▶ **Material provided**:
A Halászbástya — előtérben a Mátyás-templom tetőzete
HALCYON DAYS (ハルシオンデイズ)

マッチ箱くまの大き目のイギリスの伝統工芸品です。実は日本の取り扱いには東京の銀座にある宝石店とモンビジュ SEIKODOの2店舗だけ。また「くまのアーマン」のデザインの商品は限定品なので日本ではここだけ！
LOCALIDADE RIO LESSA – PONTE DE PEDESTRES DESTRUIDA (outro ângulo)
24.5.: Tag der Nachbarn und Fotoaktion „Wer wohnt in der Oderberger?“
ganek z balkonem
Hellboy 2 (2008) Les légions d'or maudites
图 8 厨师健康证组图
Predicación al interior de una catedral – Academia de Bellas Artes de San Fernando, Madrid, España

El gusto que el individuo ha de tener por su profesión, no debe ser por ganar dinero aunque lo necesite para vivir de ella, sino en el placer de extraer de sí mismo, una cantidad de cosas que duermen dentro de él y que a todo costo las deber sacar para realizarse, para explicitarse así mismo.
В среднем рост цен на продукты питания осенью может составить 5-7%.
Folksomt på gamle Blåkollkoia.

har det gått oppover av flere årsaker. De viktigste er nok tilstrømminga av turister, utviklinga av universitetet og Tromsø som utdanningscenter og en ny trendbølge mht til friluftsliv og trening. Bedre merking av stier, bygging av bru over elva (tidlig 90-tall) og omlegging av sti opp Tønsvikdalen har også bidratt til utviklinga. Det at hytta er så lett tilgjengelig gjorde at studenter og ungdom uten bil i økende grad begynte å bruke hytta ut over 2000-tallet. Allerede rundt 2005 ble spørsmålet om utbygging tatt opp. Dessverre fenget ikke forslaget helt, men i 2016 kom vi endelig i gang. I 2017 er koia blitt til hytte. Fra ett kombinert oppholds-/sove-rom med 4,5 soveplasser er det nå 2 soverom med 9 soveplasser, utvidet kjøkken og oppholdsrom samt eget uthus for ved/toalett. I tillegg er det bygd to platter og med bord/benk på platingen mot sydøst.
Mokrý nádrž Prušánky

...

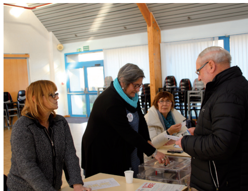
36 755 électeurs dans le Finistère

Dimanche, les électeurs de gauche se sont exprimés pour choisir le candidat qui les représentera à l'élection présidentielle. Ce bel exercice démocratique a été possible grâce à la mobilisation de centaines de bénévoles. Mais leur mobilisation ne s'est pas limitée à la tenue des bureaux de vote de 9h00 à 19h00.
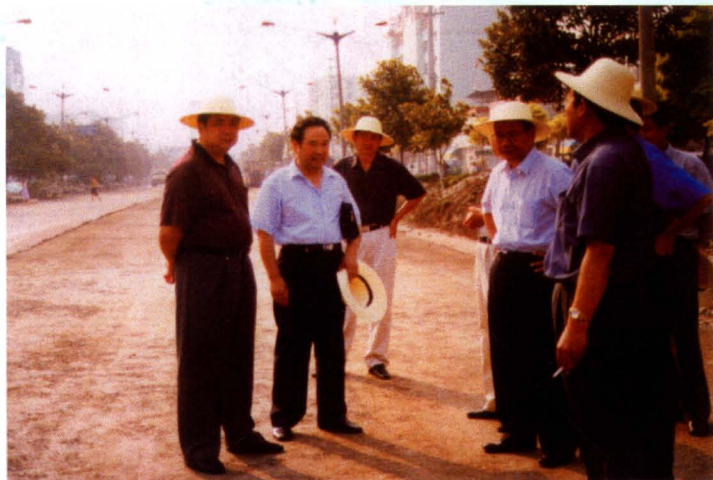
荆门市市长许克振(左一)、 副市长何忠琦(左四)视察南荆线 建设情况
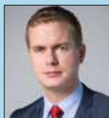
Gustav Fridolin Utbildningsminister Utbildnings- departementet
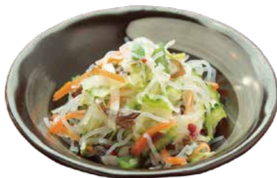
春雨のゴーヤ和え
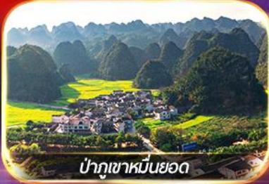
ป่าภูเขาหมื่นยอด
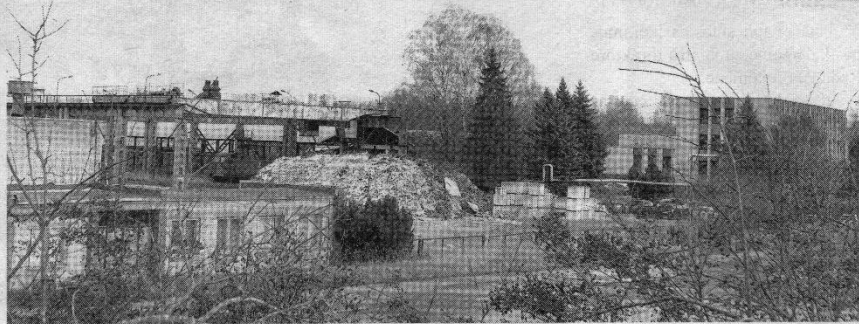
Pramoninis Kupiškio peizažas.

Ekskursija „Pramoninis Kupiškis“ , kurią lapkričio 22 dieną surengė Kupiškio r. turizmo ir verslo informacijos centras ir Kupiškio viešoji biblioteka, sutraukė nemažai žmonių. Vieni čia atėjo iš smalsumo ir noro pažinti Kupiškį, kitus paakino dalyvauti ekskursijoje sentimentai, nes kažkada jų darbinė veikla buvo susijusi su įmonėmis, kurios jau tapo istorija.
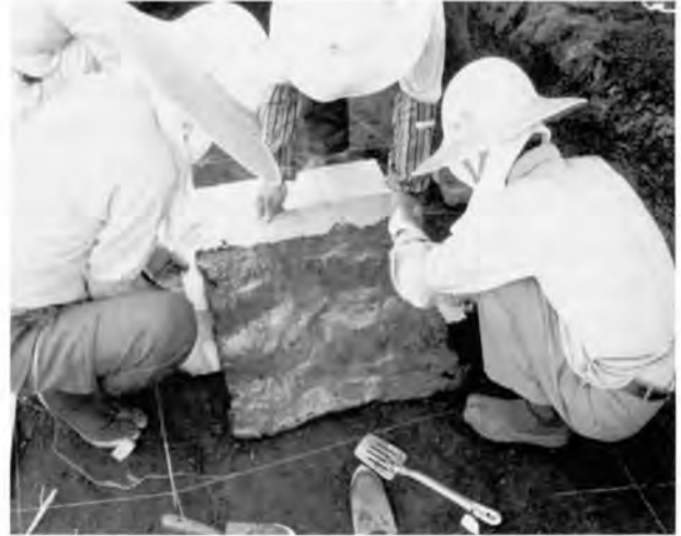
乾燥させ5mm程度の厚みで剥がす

▶ **Task brief**: Your answer must be every line from the listing above that holds the string "Pramoninis".

▶ **Solution to this task**:
Pramoninis Kupiškio peizažas.
Ekskursija „Pramoninis Kupiškis“ , kurią lapkričio 22 dieną surengė Kupiškio r. turizmo ir verslo informacijos centras ir Kupiškio viešoji biblioteka, sutraukė nemažai žmonių. Vieni čia atėjo iš smalsumo ir noro pažinti Kupiškį, kitus paakino dalyvauti ekskursijoje sentimentai, nes kažkada jų darbinė veikla buvo susijusi su įmonėmis, kurios jau tapo istorija.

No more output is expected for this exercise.